Isoflurane blunts electroencephalographic and thalamic-reticular formation responses to noxious stimulation in goats

Joseph F. Antognini, Earl Carstens

Research output: Contribution to journalArticle

33 Citations (Scopus)

Abstract

Background: Anesthetics, including isoflurane, depress the electroencephalogram (EEG). Little is known about the quantitative effects of isoflurane on EEG and subcortical electrical activity responses to noxious stimulation. The authors hypothesized that isoflurane would depress the results of EEG and subcortical response to noxious stimulation at concentrations less than those needed to suppress movement. Furthermore, determination of regional differences might aid in elucidation of sites of anesthetic action. Methods: Ten goats were anesthetized with isoflurane, and minimum alveolar concentration (MAC) was determined using a noxious mechanical stimulus. Depth electrodes were inserted into the midbrain reticular formation and thalamus. Needle electrodes placed in the skull periosteum measured bifrontal and bihemispheric EEG. The noxious stimulus was applied at each of four anesthetic concentrations: 0.6, 0.9, 1.1, and 1.4 MAC. Results: At an isoflurane concentration of 0.6 MAC, the noxious stimulus activated the midbrain reticular formation, thalamic, and bifrontal- hemispheric regions, as shown by decreased high-amplitude, low-frequency power. For all channels combined (mean ± SD), total (-33 ± 7%), delta (-47 ± 12%), theta (-23 ± 12%), and alpha (-21 ± 6%) power decreased after the noxious stimulus (P < 0.001); beta power was unchanged. At 0.9 MAC, total (- 35 ± 5%), delta (-42 ± 7%), theta (-35 ± 8%), and alpha (-23 ± 11%) power decreased after the noxious stimulus (P < 0.001); beta power was unchanged. At 1.1 MAC only one site, and at 1.4 MAC, no site, had decreased power after the noxious stimulus. Conclusions: Isoflurane blunted EEG and midbrain reticular formation-thalamus activation response to noxious stimulation at concentrations (1.1 MAC or greater) necessary to prevent movement that occurred after noxious stimulation. It is unknown whether this is a direct effect or an indirect effect via action in the spinal cord.

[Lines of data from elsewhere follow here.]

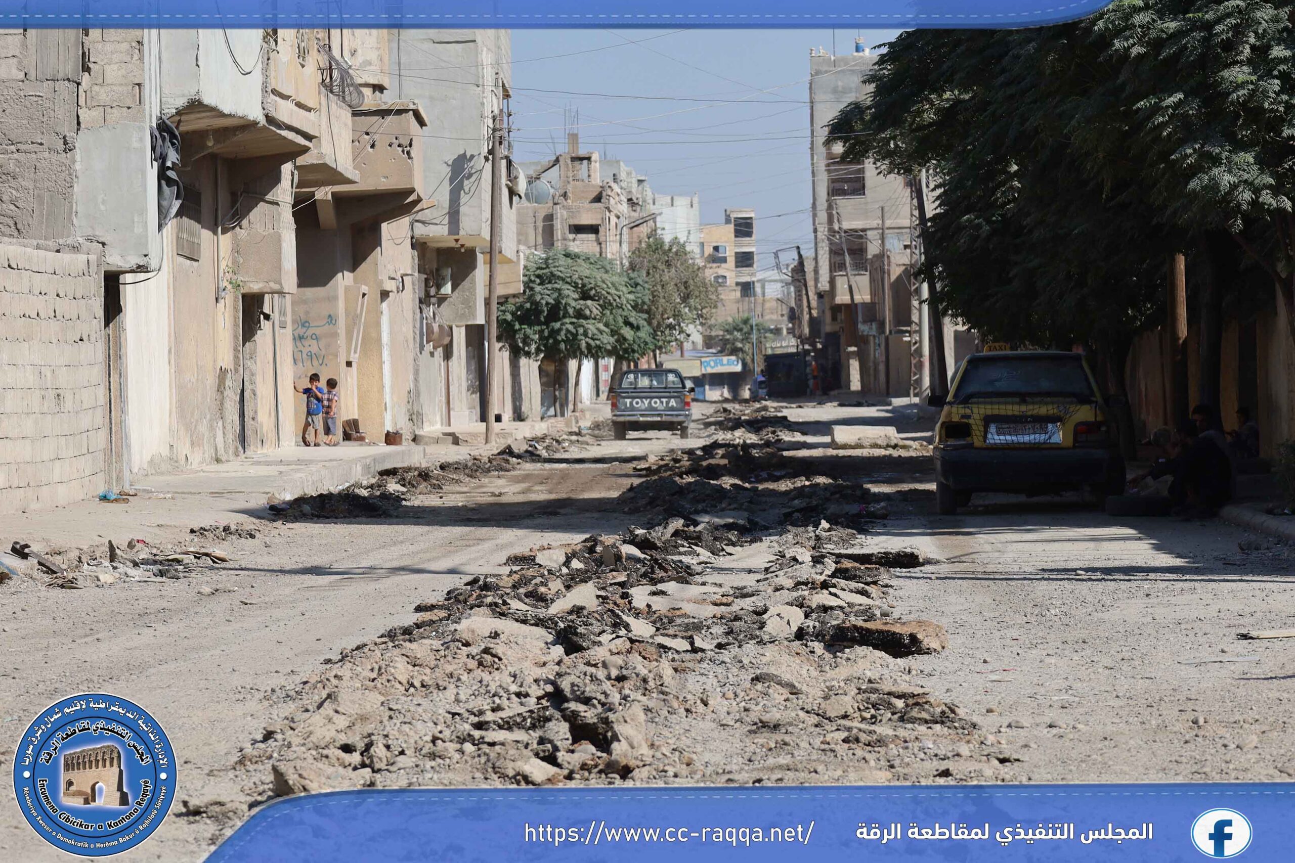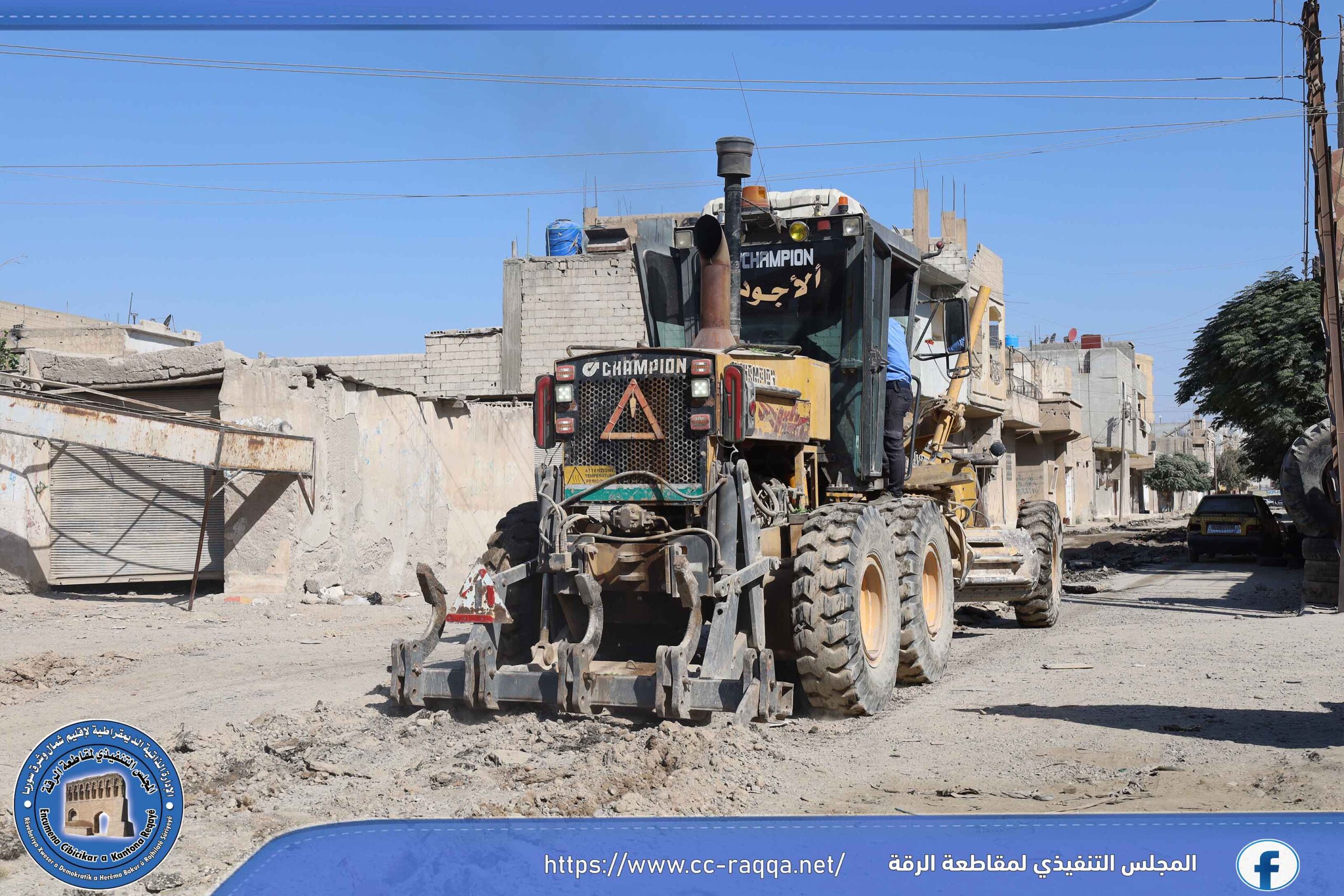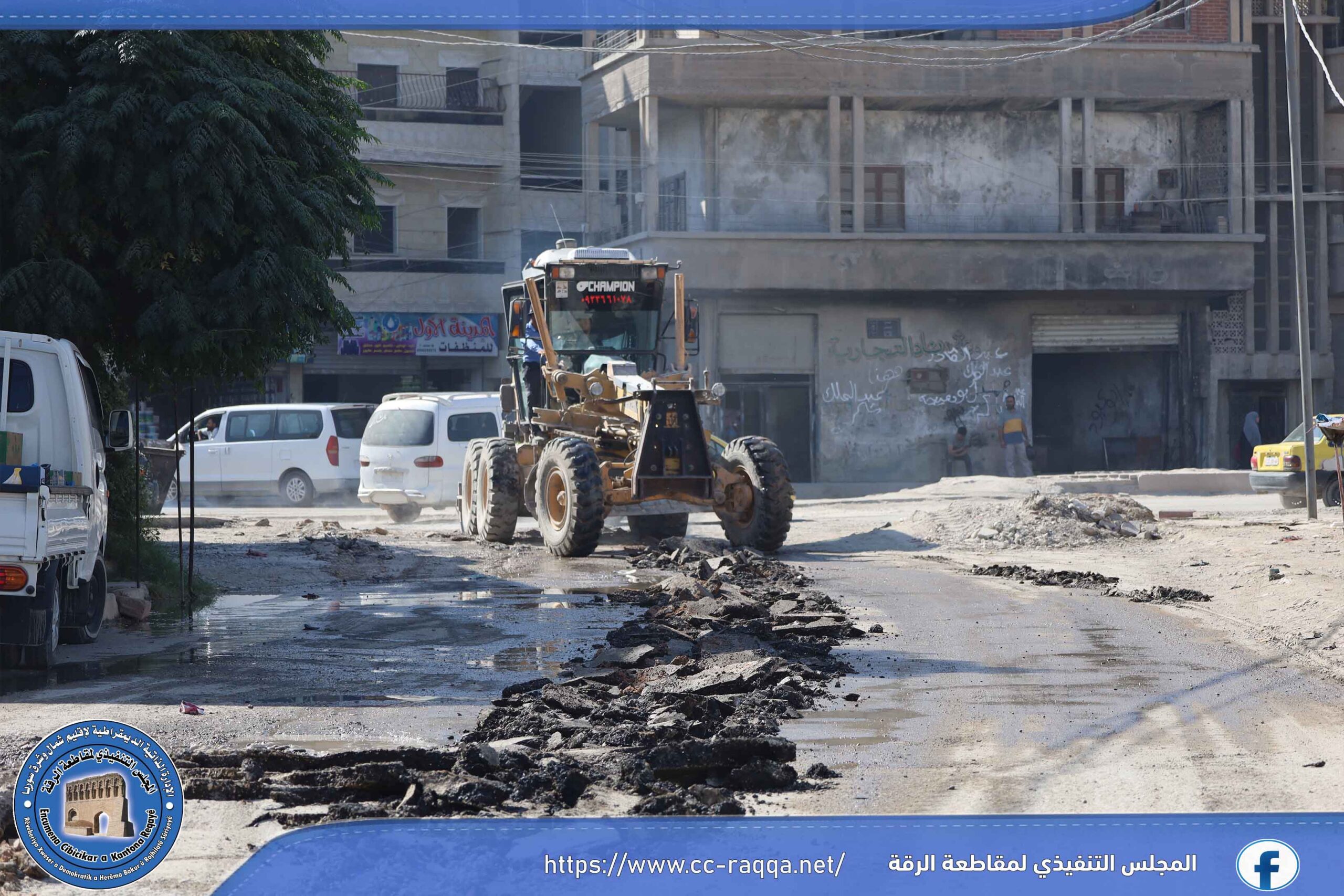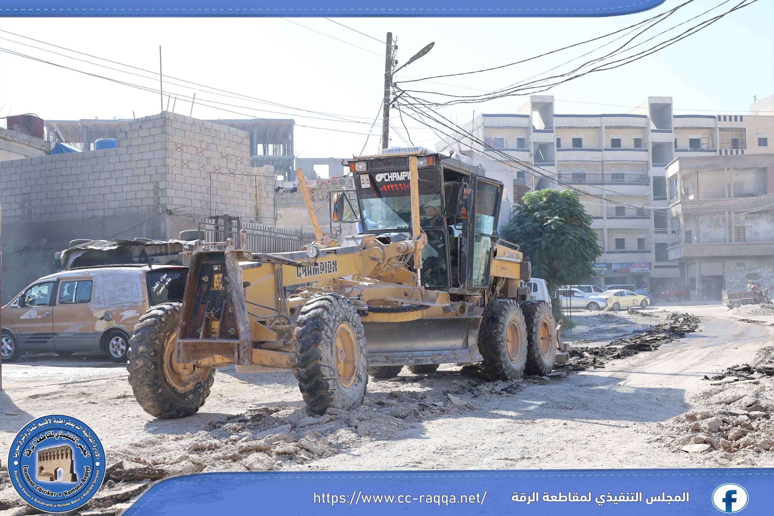 تعمل بلدية الشعب في الرقة على استهداف كافة الشوارع المتضررة في المدينة، ضمن خطة مدروسة لإعادة ترميميها وتعبيدها، حيث باشرت الورشات والآليات التابعة لها صباح اليوم 25 أيلول، بالعمل على قشط وإزالة الإسفلت المتضرر من شارع جامع الروضة، والممتد من شارع المسامك باتجاه دوار الدلة وصولاً إلى كازية الشرطة.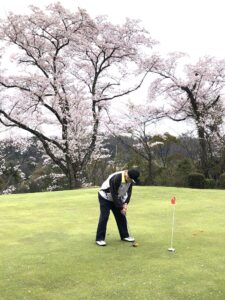 - 花吹雪の中でのパター練習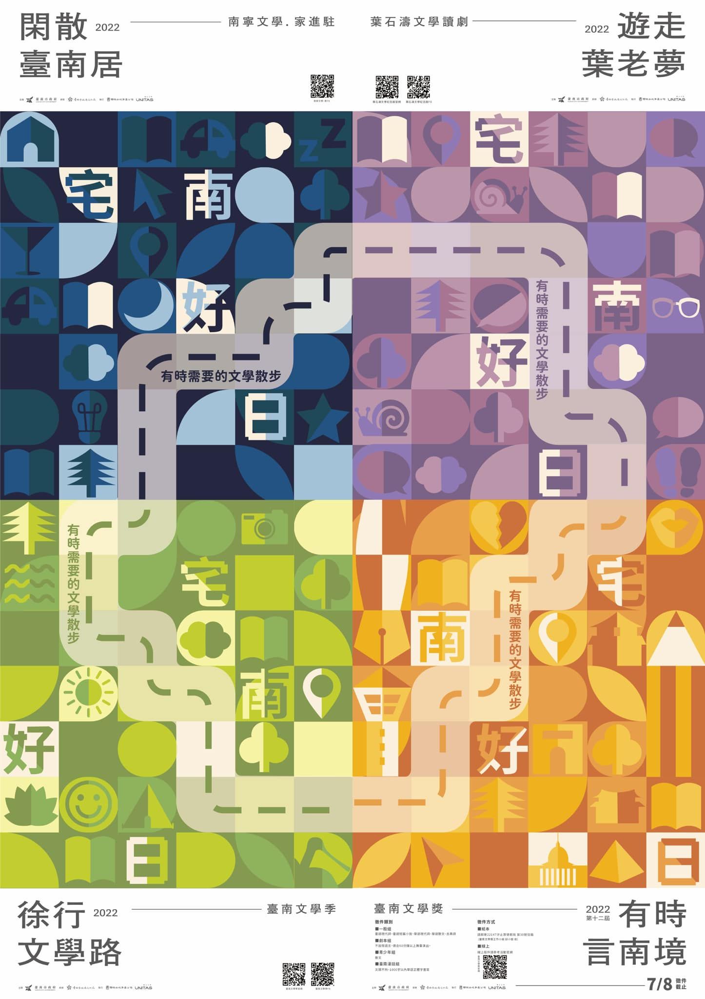 第一手掌握2022年臺南文學「徐行文學路」、「閑散臺南居」、「遊走葉老夢」及「有時言南境」4大推廣系列活動精彩內容,歡迎隨時鎖定臺南文學季FB粉絲專頁(https://www.facebook.com/tainanliteraturefestival)或IG粉絲專頁(https://www.instagram.com/tainanliterature)。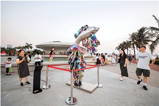 2023年海口城市雕塑艺术节在海口云洞图书馆外场举行,为市民游客带来更加多元化的艺术体验。 新华社记者 张丽芸 摄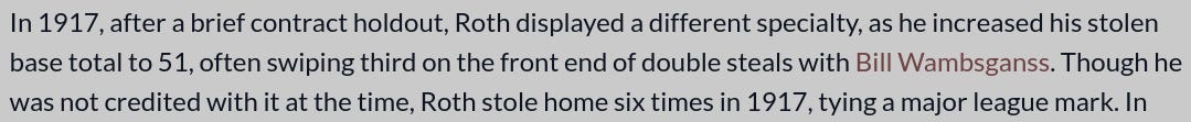 You see, Roth managed to steal home a whopping six times in 1917.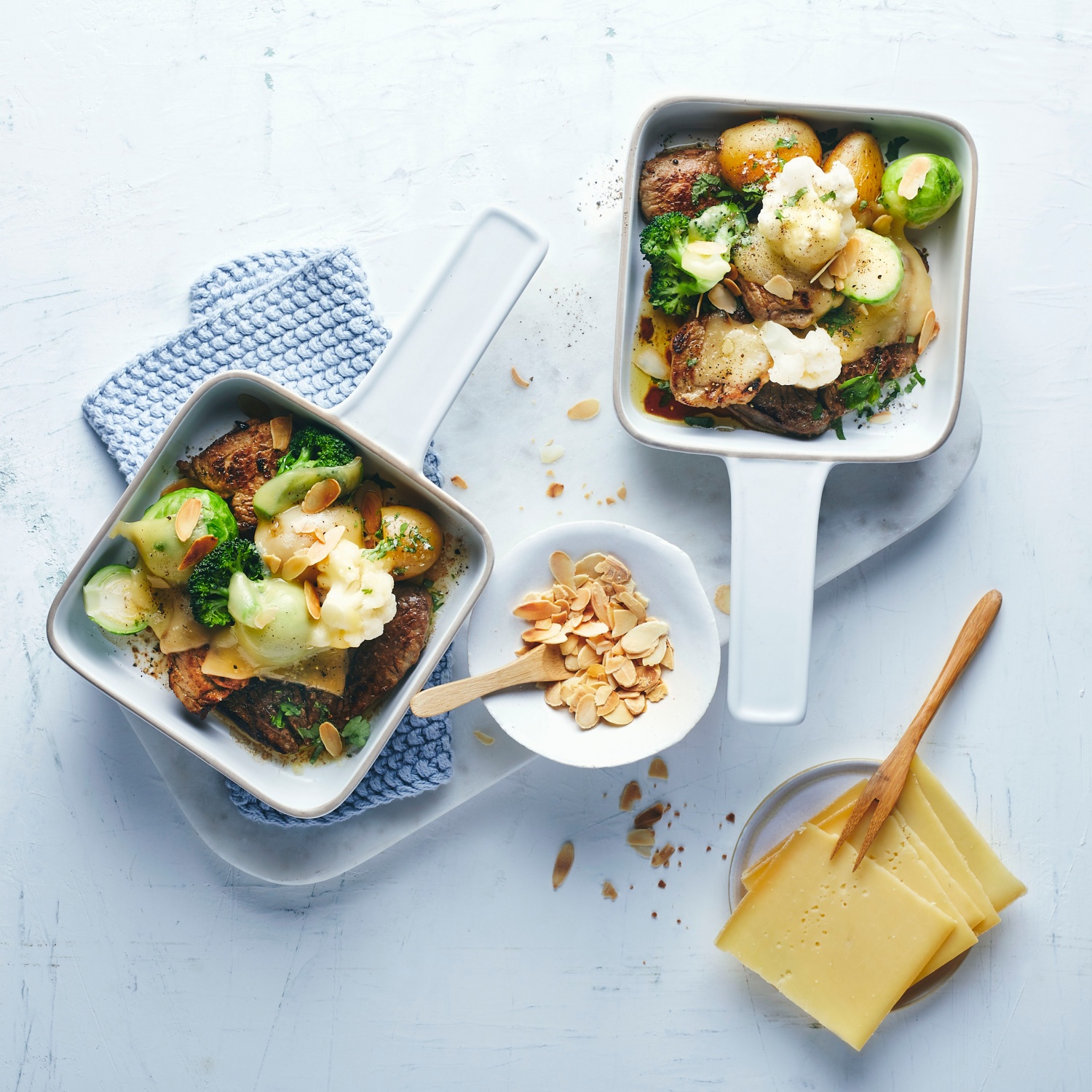 - Den Raclette-Grill vorheizen und nach Belieben das Fleisch grillen, mit Salz und Pfeffer würzen. Den Kohl auf die Pfännchen verteilen, mit einigen Mandelblättchen bestreuen und mit dem Raclette-Käse überbacken. Dazu die Kartoffeln servieren.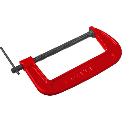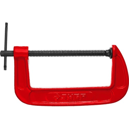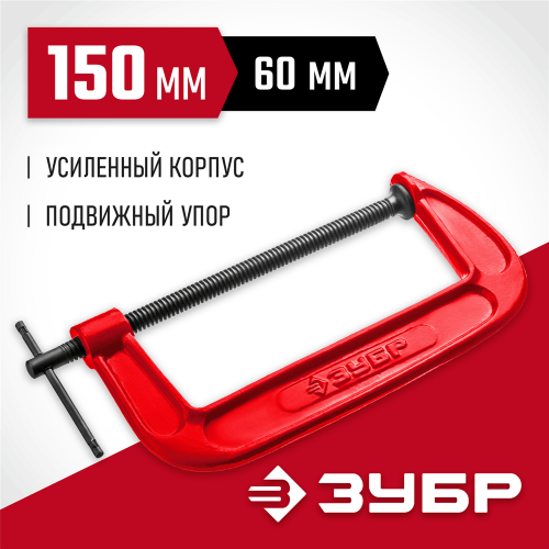 Струбцина 32244-150, применяется для фиксации и удержания деталей при выполнении столярных и слесарных работ. Упорная трапециевидная резьба для передачи высокого крутящего момента. Подвижный упор для предметов различной формы. Закаленный винт из высококачественной инструментальной стали.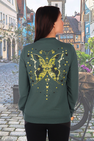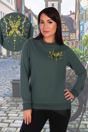 Трикотажный свитшот из меланжированного футера с лайкрой. На спине красивый принт в виде большой бабочки. На полочке принт в виде маленькой бабочки на груди. Свободная посадка даёт возможность сочетать его с различными предметами гардероба, формируя привлекательные повседневные образы.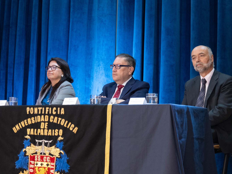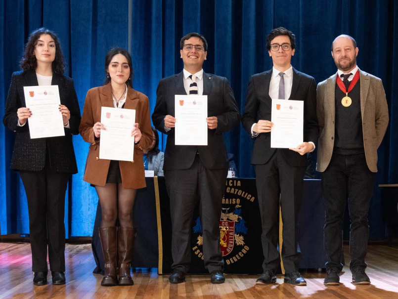 El acto fue presidido por el rector de la PUCV, Nelson Vásquez Lara, junto a la decana de la Facultad de Derecho, María Graciela Brantt Zumarán, y el director de la Escuela de Derecho, Eduardo Aldunate Lizana, y contó con la presencia de autoridades académicas, estudiantes, docentes, funcionarios y familiares de los premiados.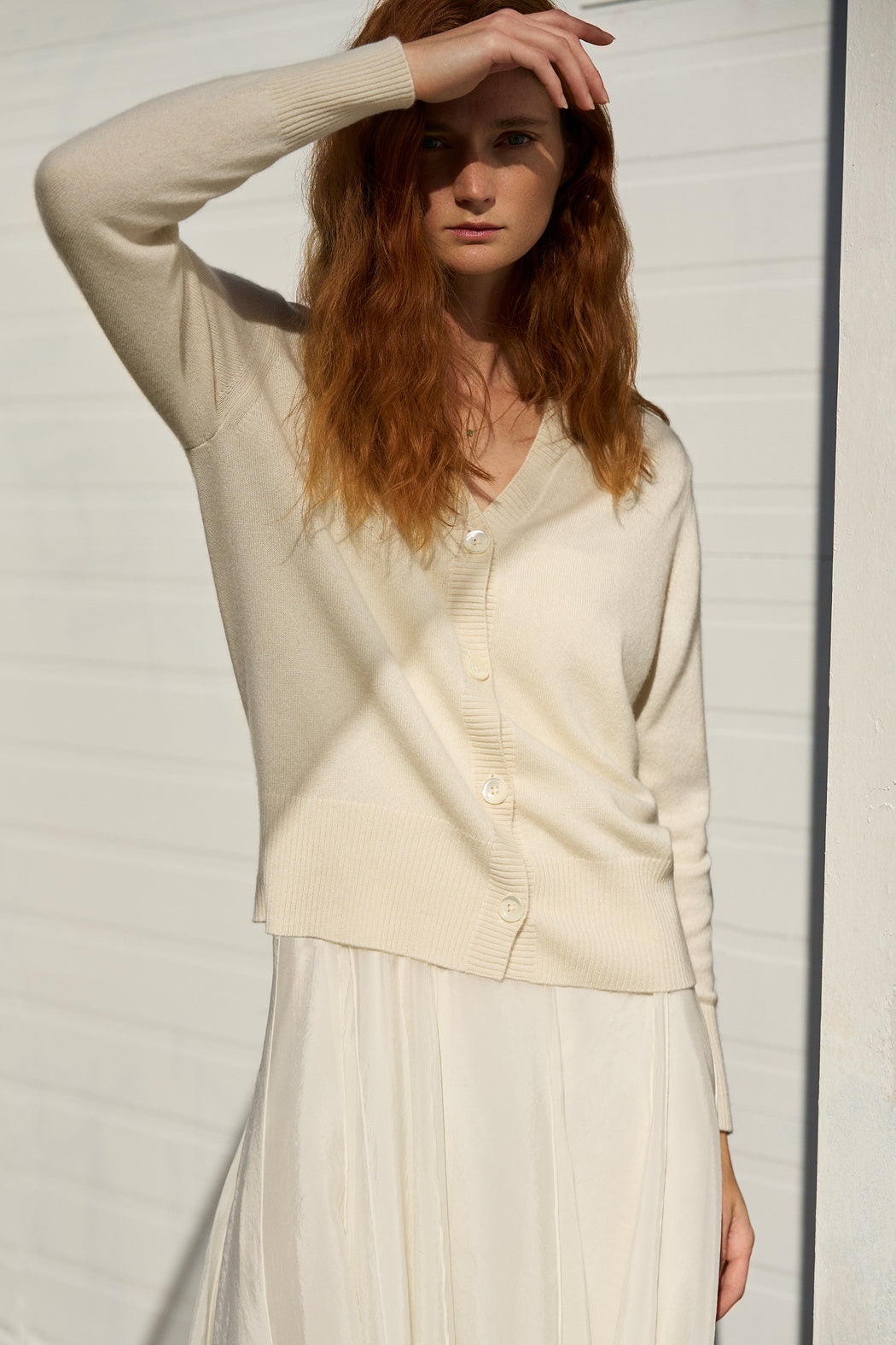 Tricoté en cachemire-soie cardé,  filé en Italie, il allie la chaleur enveloppante du cachemire avec la fraîcheur et l’éclat raffiné de la soie, offrant un toucher inédit et un raffinement poudré. Thermique et isolant, il est chaud en hiver, frais au printemps. Léger et lumineux, il se porte toute l’année comme une deuxième peau aérienne, douce et durable.

Original languageEnglish (US)
Pages (from-to)1770-1779
Number of pages10
JournalAnesthesiology
Volume91
Issue number6
StatePublished - 1999
Externally publishedYes

Fingerprint

Reticular Formation
Isoflurane
Goats
Electroencephalography
Anesthetics
Thalamus
Electrodes
Periosteum
Skull
Needles
Spinal Cord
Midbrain Reticular Formation

Keywords

  • Anesthetic mechanisms
  • Pain
  • Spinal cord

ASJC Scopus subject areas

  • Anesthesiology and Pain Medicine

Cite this

Isoflurane blunts electroencephalographic and thalamic-reticular formation responses to noxious stimulation in goats. / Antognini, Joseph F.; Carstens, Earl.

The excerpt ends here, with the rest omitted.